Jim Boeheim has been a student, basketball player, team captain and coach at Syracuse, beginning in 1962.

As a player, he teamed with Dave Bing to lead Syracuse to the school's second-ever NCAA Tournament berth. As a coach, he's taken his alma mater to nine Big East regular-season championships, five Big East Tournament titles and 28 NCAA Tournament appearances while advancing to three national title games during three different decades, defeating Kansas for the school's only crown in 2003.

Only Duke's Mike Krzyzewski has more career wins than Boeheim, who earned his 880th win two years ago, surpassing North Carolina's Dean Smith for most career wins at one school.

Syracuse, ranked No. 2, is one of three undefeated teams in the country at 17-0.

Here are some numbers that Boeheim isn't so proud of: He's only 4-10 against Pitt coach Jamie Dixon, who faces Boeheim at 4 p.m. Saturday at Carrier Dome in a renewal of their Big East rivalry that shifted to the ACC this season.

“We've had big games with Pitt every year,” Boeheim said. “They were the best team in the Big East, wins and losses, for the last 10 years, and we were second.”

Coincidentally, Pitt and Syracuse — the new kids on the block in the ACC — are the only remaining undefeated teams in conference play with identical 4-0 records.

Duke was picked as ACC preseason favorite by the media.
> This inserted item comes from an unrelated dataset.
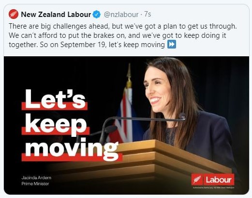 Pandemideki hızlı kararlarıyla ülkesinin geleceğini belirleyen genç başbakan Jacinda Ardern, Cumhurbaşkanı Erdoğan'ı örnek aldı. Kampanya sloganı olarak Erdoğan'ın meydanlarda sıkça kullandığı "Durmak yok yola devam" sloganıyla birebir örtüşen "Let's keep mooving" sloganını seçti.

Syracuse was selected No. 2 and Pitt sixth.

“It's early, it's four games,” said Dixon, whose team is 16-1 overall. “We obviously weren't picked to win the league. I don't think Syracuse was. I don't think they anticipated us being at the bottom of the league (but), I don't think they anticipated us being at the top.”

“We knew we were coming from a great league,” Boeheim said. “We both knew that (Pitt and Syracuse). Players know it, coaches know it. Pittsburgh's been tremendous for years. No one should be surprised where they are.”
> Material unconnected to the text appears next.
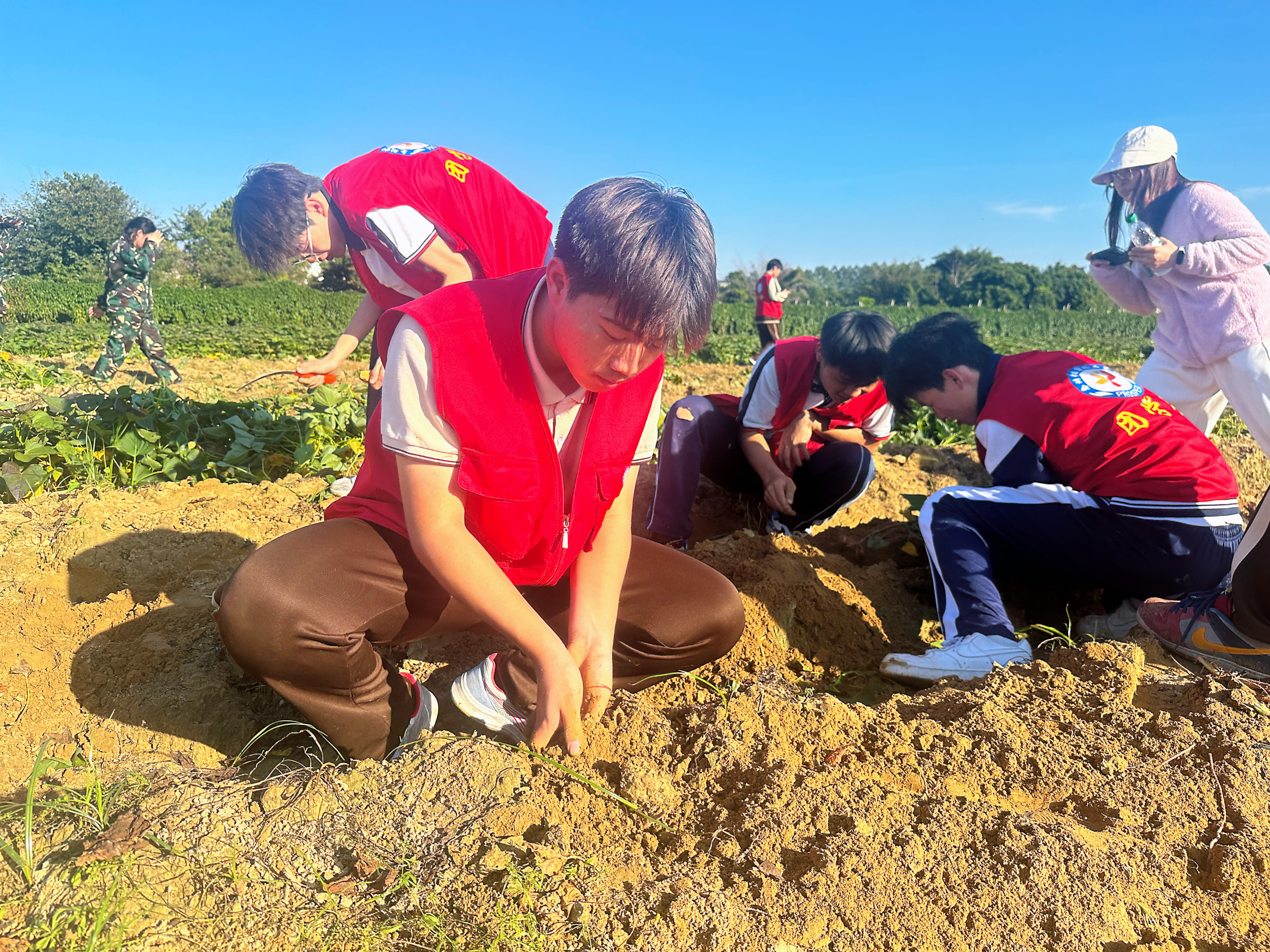 淮山農(nóng)業(yè)公園的紅薯地眼下正迎來收獲季。“到了紅薯收獲時節(jié),得知該村人手緊張、農(nóng)活繁重,結(jié)合學(xué)!凶叩乃颊n’,我們組織黨員、團(tuán)員開展了這場志愿活動!被葜菔胁┵惣脊W(xué)校黨支部副書記、校長助理陳妙玲介紹,這場別樣的思政課在發(fā)起時就得到大家踴躍支持。

Asked to describe the Pitt-Syracuse rivalry, Boeheim replied, “Rivalries are when you have good games. You have two good teams and you have good games. That's what happened over the last 10-15 years with Pittsburgh and Syracuse. Every time we play Pittsburgh it's a big game, and it's a big game this year.”
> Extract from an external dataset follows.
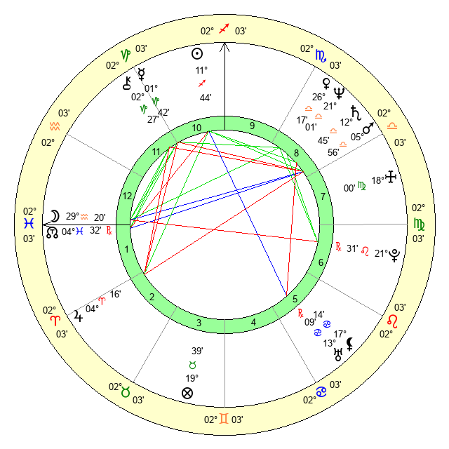 | Saturn | 13 Libra 15 | 25 Pisces 6 | 15 Libra 4 |

Last season, Syracuse was a surprise Final Four entrant, losing to Michigan in the national semifinals.

This season, Boeheim is coaching yet another team, led by senior C.J. Fair, with the potential to make a deep tournament run.

“We've played good when we had to,” Boeheim said. “When we've been in tough spots, we've played really well, and we've played well down the stretch in games. That's been the difference.”

Coaching — and winning big — at Syracuse gives Boeheim a deeper appreciation for his accomplishments, which include 937 career wins.

“For me, Syracuse was the right fit,” said Boeheim, 69. “I came here as a walk-on. I was an assistant coach here. If coaches find the right fit, they'll stay. More and more coaches are settling in if they get a good situation. Mike Krzyzewski found his place at Duke. Billy Donovan at Florida found the right place for him. Bo Ryan at Wisconsin. Tom Izzo at Michigan State.

“You can still find a good situation that's comfortable for you, and you stay there.”

Is Dixon, now in his 11th season with nearly 300 career wins, that guy at Pitt?

“Absolutely,” Boeheim said. “He's found a great place and built a tremendous program. I see him coaching at Pittsburgh a long time.”